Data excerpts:
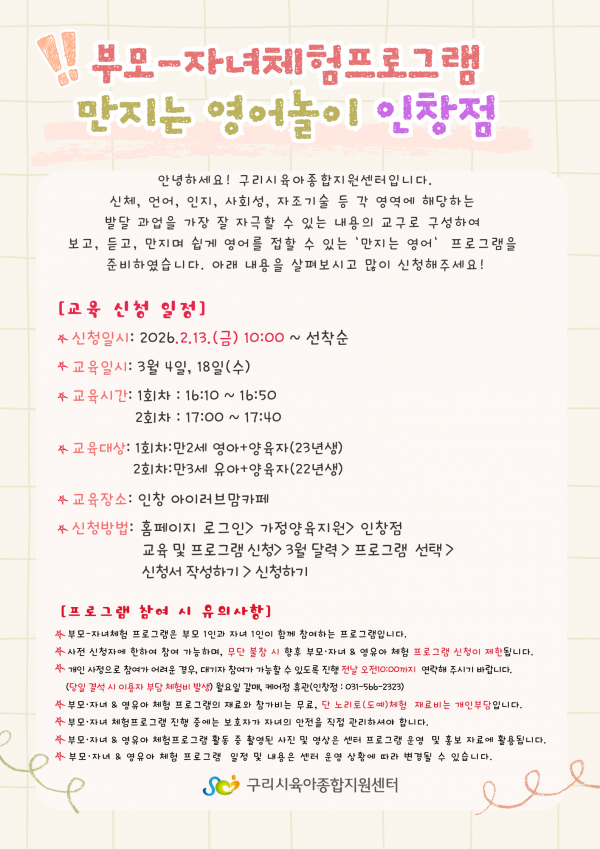 | 교육대상 | 구리시 관내 23년생 영아가정 | 교육정원 | 8명 (대기자 10명) |
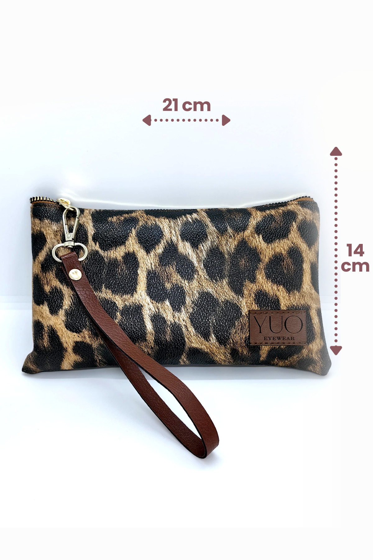 YUO Eyewear Leopar Desenli Deri El Çantası | Kartlık Bölmeli + İç Mini Çantalı | Bileklik Askılı
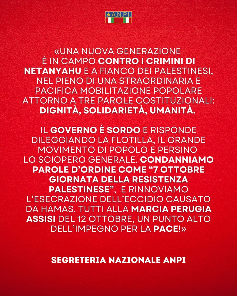 Gli iscritti e i dirigenti dell’ANPI hanno partecipato con impegno e generosità a questa straordinaria e continua mobilitazione. Abbiamo un prossimo appuntamento a cui invitiamo tutte e tutti: la marcia Perugia Assisi del 12 ottobre, che rappresenterà un punto alto dell’impegno per la pace, per il rispetto del diritto internazionale, per Gaza e per i diritti inalienabili del popolo palestinese: si riconosca subito lo Stato di Palestina, si operi in concreto per due popoli in due Stati in reciproca sicurezza, si operi concretamente per l’auto determinazione del popolo palestinese e per il diritto al ritorno.
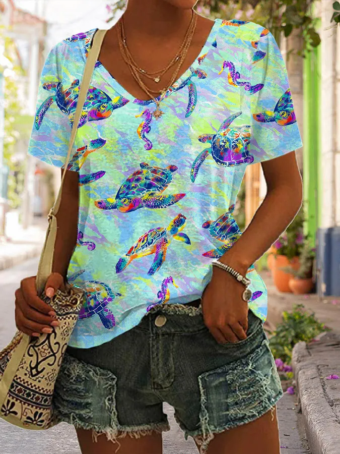 🔥Buy 3 Get 10% Off🔥Holiday Turtle Print Short Sleeve Top
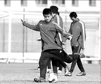 China defender Sun Xiang trains with his teammates as the national team gears up for its World Cup Asian qualifier against Iraq in Dubai tomorrow. China only qualified once for the World Cup, when it lost group matches without scoring a goal in the 2002 World Cup in South Korea and Japan. [CFP]
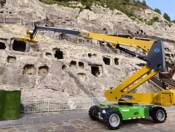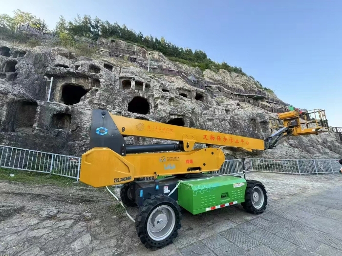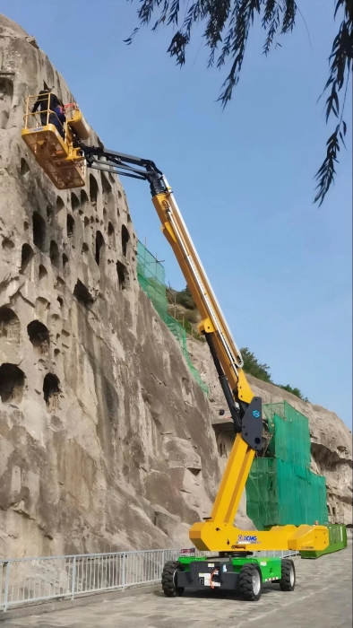 時間回溯到2021年,由于遭受多場暴雨侵襲,龍門石窟部分洞窟內滲漏水嚴重甚至出現積水,部分山體表面巖石脫落、松動,嚴重威脅文物安全,急需得到有效治理。龍門石窟研究院隨即開展了為期1年多的“龍門石窟蓮花洞至石牛溪區(qū)域保養(yǎng)維護項目”。徐工XGS25ACK-Li直臂式高空作業(yè)平臺作為“得力助手”,深度參與各項保護修復工作。
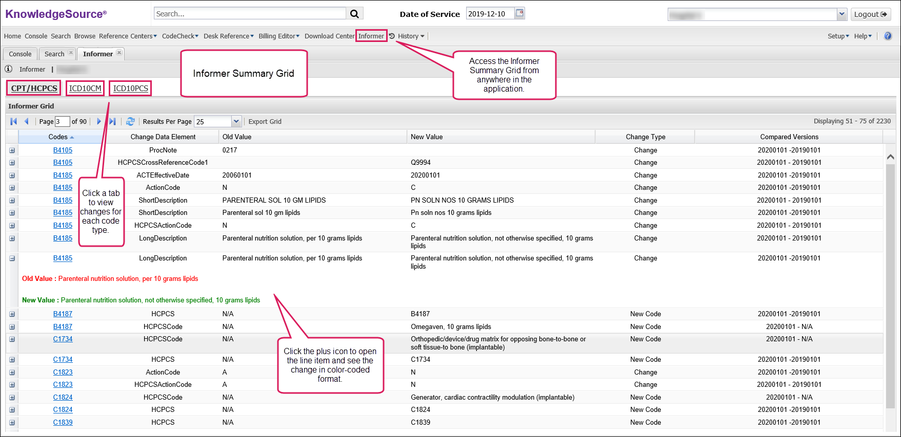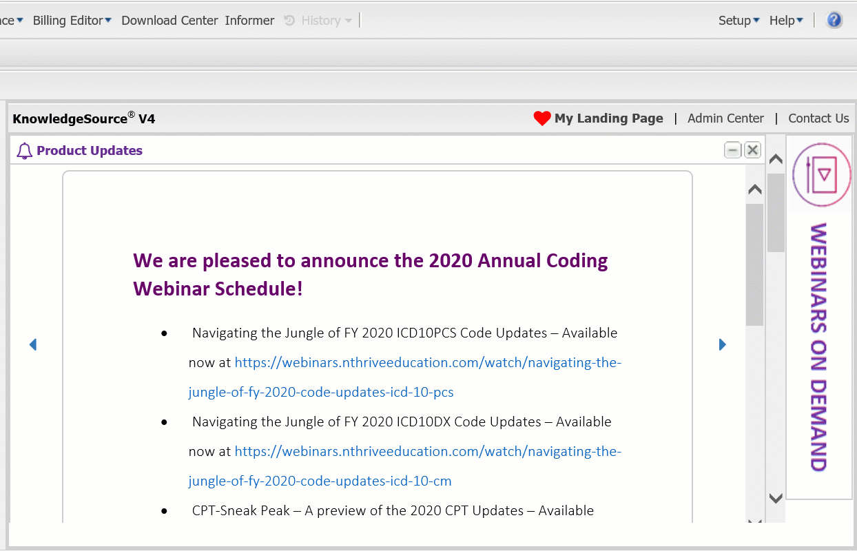 Knowledge Source's multifaceted databases and knowledge engines are designed to unwrap data. The new Informer feature takes the guesswork out of monitoring diagnosis and procedure code changes by delivering the changes directly to the user. Informers empower users by unwrapping billing and coding updates. This helps to decrease coding errors and denials and increase speed to revenue. Know before you go!
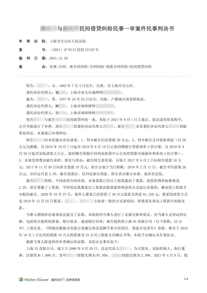 (2021)沪0113民初22120号-唐吉兰与柴光平民间借贷纠纷民事一审案件民事判决书-1
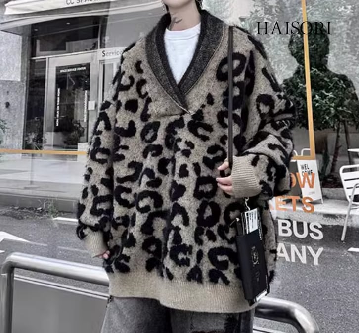 ★【 ヒョウ柄デザインのワイルドなデザイン、厚手生地を使用した暖かなトップス 】
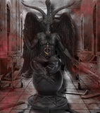 This mystical figurine is cast in the highest quality resin before being carefully hand-painted. Resting in the centre of a pentagram, the globe of the earth acts as Baphomet’s seat. Sitting cross-legged on top of the world, Baphomet sits, symbolizing the sum total of the universe. Legs ending in cloven hooves, the staff of Asclepius rises from their crotch. Their right arm is raised in a magical blessing with the word SOLVE written on their forearm, while their left arm is stretched downwards and outwards invitingly, forearm bearing the word COACULA. Their triple-horned goat’s head stares directly forwards as their wings stretch out behind them. Worshipped by occultists from Jacques de Molay’s Templars to Alistair Crowley, Baphomet has long been a symbol of free-thinking heresy and forbidden knowledge.
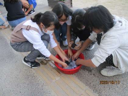 家庭科の学習では、洗濯の仕方について学びました。今や、洗濯機に洗濯物を入れてしまえば勝手にきれいになっている、という時代。しかし、昔は一つ一つ手洗いをしていたことを知り、今でも部分的に強い汚れなどを落とす場合には手で洗うことも必要だということを学びました。そして実際に自分の履いていた靴下を洗う実習をしました。お家でも、学習したことを生かしていけたらいいですね。
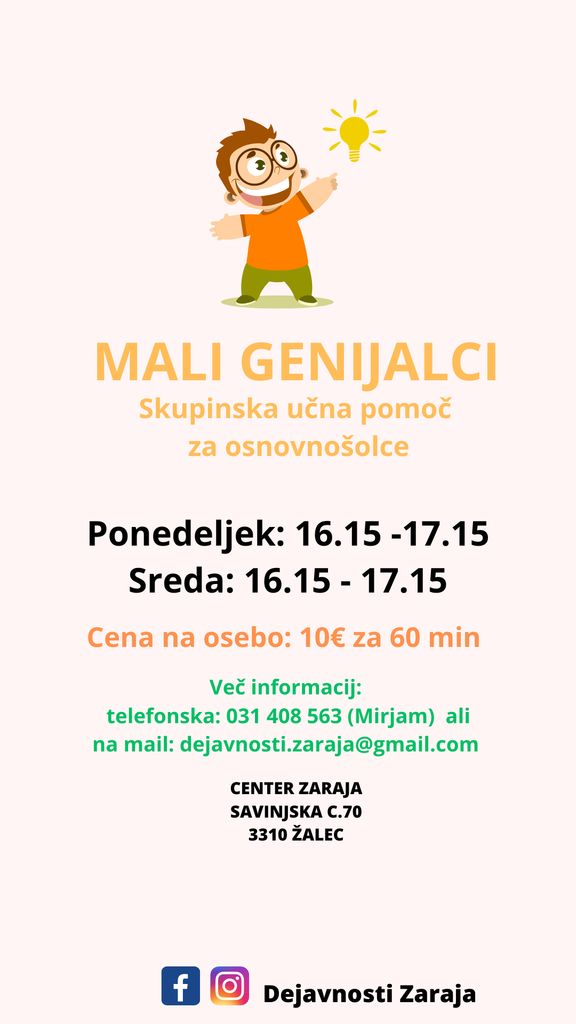 V Centru Zaraja v Žalcu ponujamo individualno učno pomoč ali skupinsko učno pomoč - Mali genijalci.
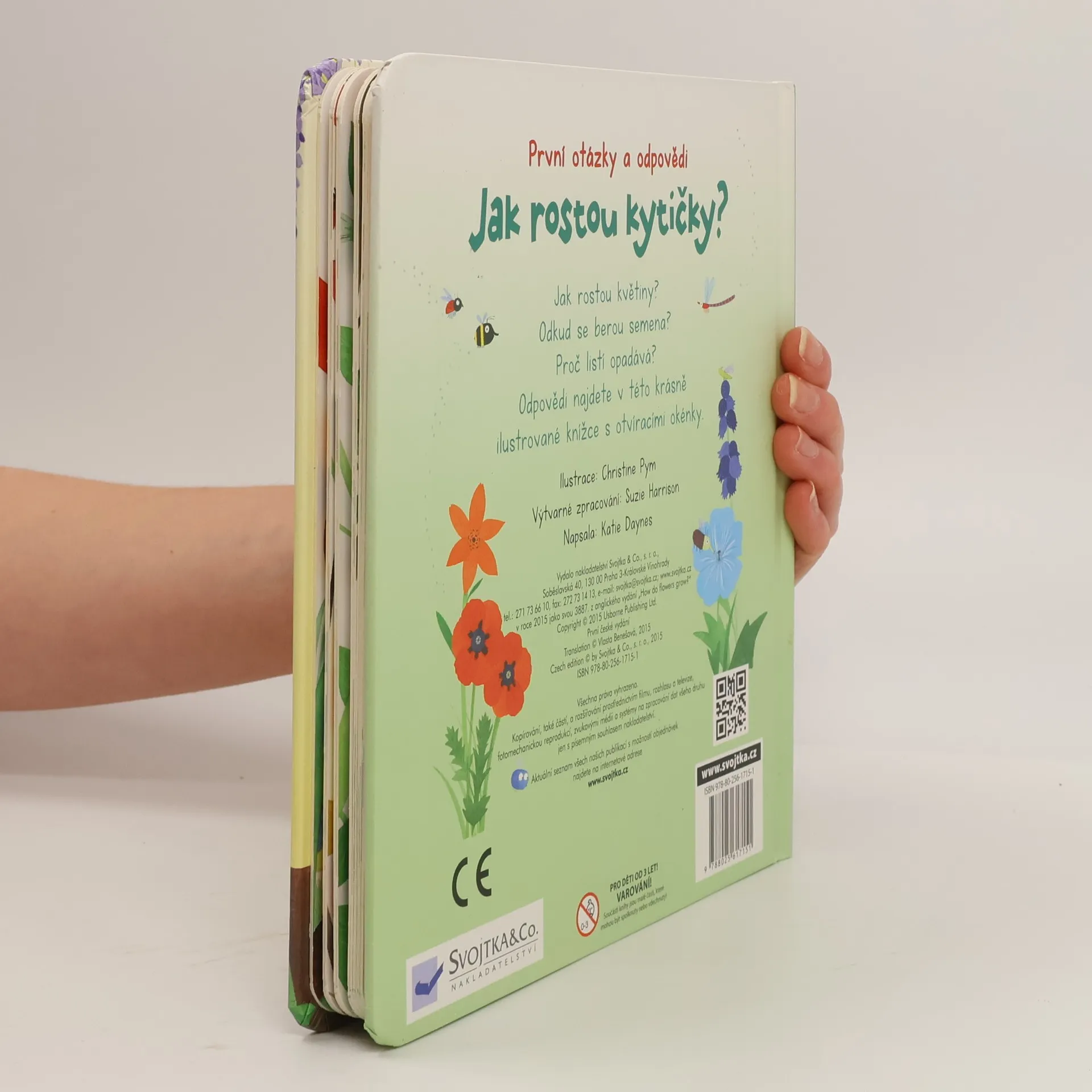 V této krásně ilustrované knížce s odklápěcími okénky najdete odpovědi na první otázky týkající se rostlin kolem nás. Potřebují rostliny nějakou potravu? Proč mají rostliny květy? Proč jsou květy barevné a hezky voní? Proč mění listy barvu a opadávají? Jaké jsou největší, nejpodivnější a nejvíce páchnoucí rostliny? Odpovědi na tyto a mnoho dalších otázek týkajících se rostlin kolem nás najdete v této krásně ilustrované knížce s odklápěcími okénky.
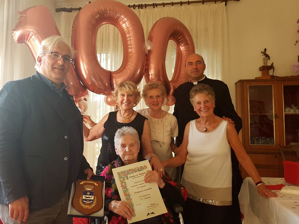 Margherita Raimondo, nata il 21 ottobre 1918, ha festeggiato oggi pomeriggio a Volpiano i suoi cento anni, insieme alle figlie Carla Bruna, Franca e Maria Cristina Cerutti, ai parenti e agli amici; erano presenti il sindaco Emanuele De Zuanne, che le ha consegnato la targa del Comune e una pergamena ricordo, il parroco don Claudio Bertero, e Marilena Milanesio, presidente del centro d'incontro «Alessandro Riboldi». Margherita Raimondo ha vissuto in Argentina dal 1948 al 1952, dove è nata la terza figlia, per poi ritornare in Italia con la famiglia.

*How to complete this task*.
Copy the records exactly, leaving out every picture.

*Task output*.
 | 교육대상 | 구리시 관내 23년생 영아가정 | 교육정원 | 8명 (대기자 10명) |
 YUO Eyewear Leopar Desenli Deri El Çantası | Kartlık Bölmeli + İç Mini Çantalı | Bileklik Askılı
 Gli iscritti e i dirigenti dell’ANPI hanno partecipato con impegno e generosità a questa straordinaria e continua mobilitazione. Abbiamo un prossimo appuntamento a cui invitiamo tutte e tutti: la marcia Perugia Assisi del 12 ottobre, che rappresenterà un punto alto dell’impegno per la pace, per il rispetto del diritto internazionale, per Gaza e per i diritti inalienabili del popolo palestinese: si riconosca subito lo Stato di Palestina, si operi in concreto per due popoli in due Stati in reciproca sicurezza, si operi concretamente per l’auto determinazione del popolo palestinese e per il diritto al ritorno.
 🔥Buy 3 Get 10% Off🔥Holiday Turtle Print Short Sleeve Top
 China defender Sun Xiang trains with his teammates as the national team gears up for its World Cup Asian qualifier against Iraq in Dubai tomorrow. China only qualified once for the World Cup, when it lost group matches without scoring a goal in the 2002 World Cup in South Korea and Japan. [CFP]
 時間回溯到2021年,由于遭受多場暴雨侵襲,龍門石窟部分洞窟內滲漏水嚴重甚至出現積水,部分山體表面巖石脫落、松動,嚴重威脅文物安全,急需得到有效治理。龍門石窟研究院隨即開展了為期1年多的“龍門石窟蓮花洞至石牛溪區(qū)域保養(yǎng)維護項目”。徐工XGS25ACK-Li直臂式高空作業(yè)平臺作為“得力助手”,深度參與各項保護修復工作。
 Knowledge Source's multifaceted databases and knowledge engines are designed to unwrap data. The new Informer feature takes the guesswork out of monitoring diagnosis and procedure code changes by delivering the changes directly to the user. Informers empower users by unwrapping billing and coding updates. This helps to decrease coding errors and denials and increase speed to revenue. Know before you go!
 (2021)沪0113民初22120号-唐吉兰与柴光平民间借贷纠纷民事一审案件民事判决书-1
 ★【 ヒョウ柄デザインのワイルドなデザイン、厚手生地を使用した暖かなトップス 】
 This mystical figurine is cast in the highest quality resin before being carefully hand-painted. Resting in the centre of a pentagram, the globe of the earth acts as Baphomet’s seat. Sitting cross-legged on top of the world, Baphomet sits, symbolizing the sum total of the universe. Legs ending in cloven hooves, the staff of Asclepius rises from their crotch. Their right arm is raised in a magical blessing with the word SOLVE written on their forearm, while their left arm is stretched downwards and outwards invitingly, forearm bearing the word COACULA. Their triple-horned goat’s head stares directly forwards as their wings stretch out behind them. Worshipped by occultists from Jacques de Molay’s Templars to Alistair Crowley, Baphomet has long been a symbol of free-thinking heresy and forbidden knowledge.
 家庭科の学習では、洗濯の仕方について学びました。今や、洗濯機に洗濯物を入れてしまえば勝手にきれいになっている、という時代。しかし、昔は一つ一つ手洗いをしていたことを知り、今でも部分的に強い汚れなどを落とす場合には手で洗うことも必要だということを学びました。そして実際に自分の履いていた靴下を洗う実習をしました。お家でも、学習したことを生かしていけたらいいですね。
 V Centru Zaraja v Žalcu ponujamo individualno učno pomoč ali skupinsko učno pomoč - Mali genijalci.
 V této krásně ilustrované knížce s odklápěcími okénky najdete odpovědi na první otázky týkající se rostlin kolem nás. Potřebují rostliny nějakou potravu? Proč mají rostliny květy? Proč jsou květy barevné a hezky voní? Proč mění listy barvu a opadávají? Jaké jsou největší, nejpodivnější a nejvíce páchnoucí rostliny? Odpovědi na tyto a mnoho dalších otázek týkajících se rostlin kolem nás najdete v této krásně ilustrované knížce s odklápěcími okénky.
 Margherita Raimondo, nata il 21 ottobre 1918, ha festeggiato oggi pomeriggio a Volpiano i suoi cento anni, insieme alle figlie Carla Bruna, Franca e Maria Cristina Cerutti, ai parenti e agli amici; erano presenti il sindaco Emanuele De Zuanne, che le ha consegnato la targa del Comune e una pergamena ricordo, il parroco don Claudio Bertero, e Marilena Milanesio, presidente del centro d'incontro «Alessandro Riboldi». Margherita Raimondo ha vissuto in Argentina dal 1948 al 1952, dove è nata la terza figlia, per poi ritornare in Italia con la famiglia.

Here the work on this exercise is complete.